### [Task brief]
Taking the entries below, transcribe only the lines starting with the one with "Multi award-winning VERTIGO" and going on through the one with "當(dāng)然如果你覺得首", exactly as written, without the pictures.

### [Material shown]

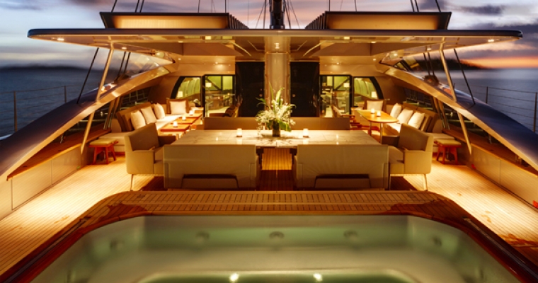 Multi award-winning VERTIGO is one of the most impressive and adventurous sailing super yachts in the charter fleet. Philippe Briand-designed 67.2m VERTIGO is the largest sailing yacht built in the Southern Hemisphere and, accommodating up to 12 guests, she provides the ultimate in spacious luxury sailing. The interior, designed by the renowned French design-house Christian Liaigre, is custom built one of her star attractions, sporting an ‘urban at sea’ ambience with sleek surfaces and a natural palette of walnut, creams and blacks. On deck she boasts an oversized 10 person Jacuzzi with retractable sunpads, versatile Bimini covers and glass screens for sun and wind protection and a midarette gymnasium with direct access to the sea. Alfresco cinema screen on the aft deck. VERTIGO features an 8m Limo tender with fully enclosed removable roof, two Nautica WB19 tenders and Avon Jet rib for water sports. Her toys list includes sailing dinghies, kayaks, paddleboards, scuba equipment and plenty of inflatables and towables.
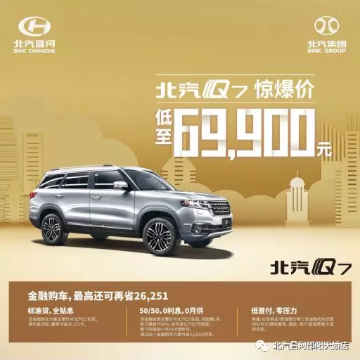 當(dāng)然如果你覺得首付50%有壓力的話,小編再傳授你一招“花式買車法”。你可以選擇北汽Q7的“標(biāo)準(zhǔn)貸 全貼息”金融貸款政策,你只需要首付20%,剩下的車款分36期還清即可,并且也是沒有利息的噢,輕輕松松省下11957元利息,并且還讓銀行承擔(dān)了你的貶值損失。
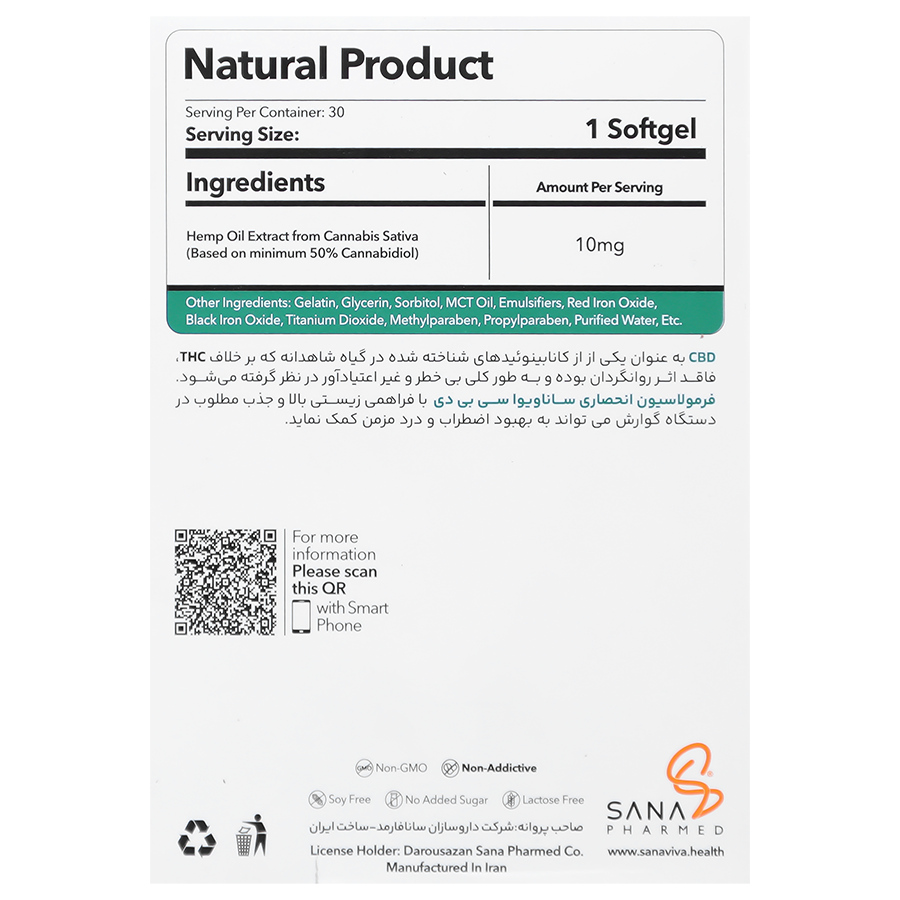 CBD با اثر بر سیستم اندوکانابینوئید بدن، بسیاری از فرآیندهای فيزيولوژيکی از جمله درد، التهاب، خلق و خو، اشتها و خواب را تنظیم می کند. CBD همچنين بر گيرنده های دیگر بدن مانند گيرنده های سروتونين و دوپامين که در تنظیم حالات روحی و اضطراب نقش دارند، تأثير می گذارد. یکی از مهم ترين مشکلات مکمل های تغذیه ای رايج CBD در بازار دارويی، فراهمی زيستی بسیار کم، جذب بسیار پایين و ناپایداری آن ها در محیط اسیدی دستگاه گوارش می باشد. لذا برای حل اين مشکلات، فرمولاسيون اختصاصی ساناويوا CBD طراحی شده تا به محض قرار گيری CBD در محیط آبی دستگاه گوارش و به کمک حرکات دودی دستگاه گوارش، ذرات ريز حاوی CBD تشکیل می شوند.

==

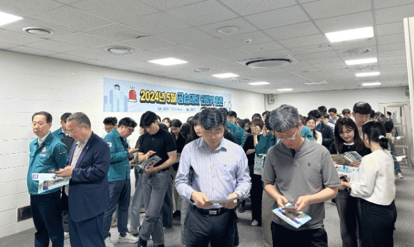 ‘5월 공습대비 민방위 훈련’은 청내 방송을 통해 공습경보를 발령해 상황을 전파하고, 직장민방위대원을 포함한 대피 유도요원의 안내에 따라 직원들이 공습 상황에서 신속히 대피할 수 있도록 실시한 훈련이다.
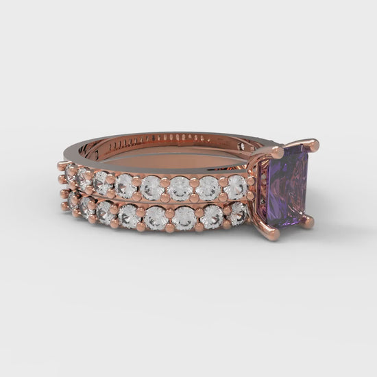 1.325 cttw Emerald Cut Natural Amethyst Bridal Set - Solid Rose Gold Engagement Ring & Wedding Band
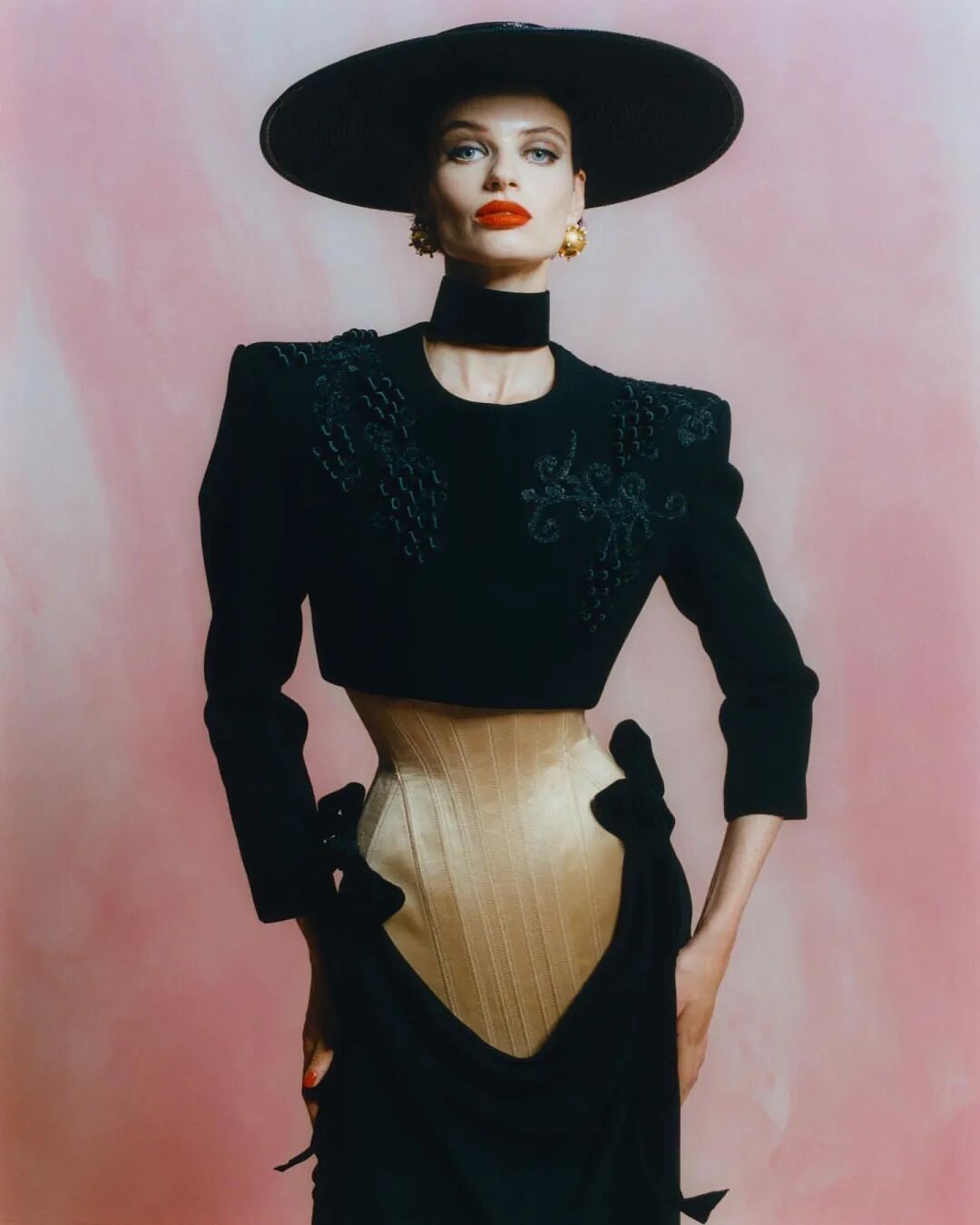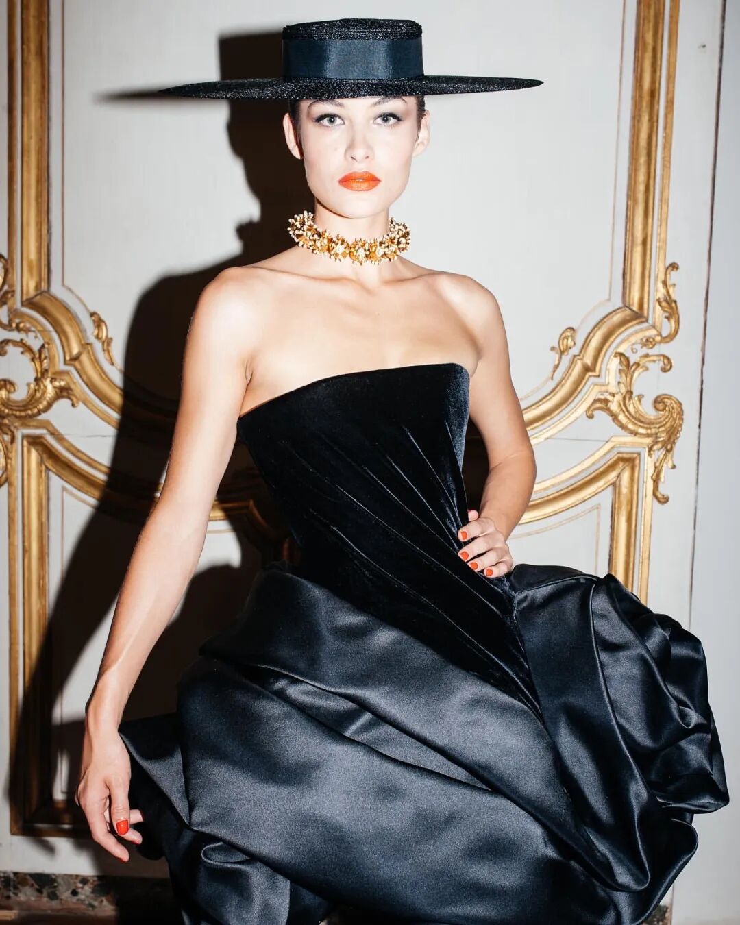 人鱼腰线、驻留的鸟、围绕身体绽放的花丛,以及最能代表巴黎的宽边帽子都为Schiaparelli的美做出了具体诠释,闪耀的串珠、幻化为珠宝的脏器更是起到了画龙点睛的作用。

### [Solution to the problem]
 Multi award-winning VERTIGO is one of the most impressive and adventurous sailing super yachts in the charter fleet. Philippe Briand-designed 67.2m VERTIGO is the largest sailing yacht built in the Southern Hemisphere and, accommodating up to 12 guests, she provides the ultimate in spacious luxury sailing. The interior, designed by the renowned French design-house Christian Liaigre, is custom built one of her star attractions, sporting an ‘urban at sea’ ambience with sleek surfaces and a natural palette of walnut, creams and blacks. On deck she boasts an oversized 10 person Jacuzzi with retractable sunpads, versatile Bimini covers and glass screens for sun and wind protection and a midarette gymnasium with direct access to the sea. Alfresco cinema screen on the aft deck. VERTIGO features an 8m Limo tender with fully enclosed removable roof, two Nautica WB19 tenders and Avon Jet rib for water sports. Her toys list includes sailing dinghies, kayaks, paddleboards, scuba equipment and plenty of inflatables and towables.
 當(dāng)然如果你覺得首付50%有壓力的話,小編再傳授你一招“花式買車法”。你可以選擇北汽Q7的“標(biāo)準(zhǔn)貸 全貼息”金融貸款政策,你只需要首付20%,剩下的車款分36期還清即可,并且也是沒有利息的噢,輕輕松松省下11957元利息,并且還讓銀行承擔(dān)了你的貶值損失。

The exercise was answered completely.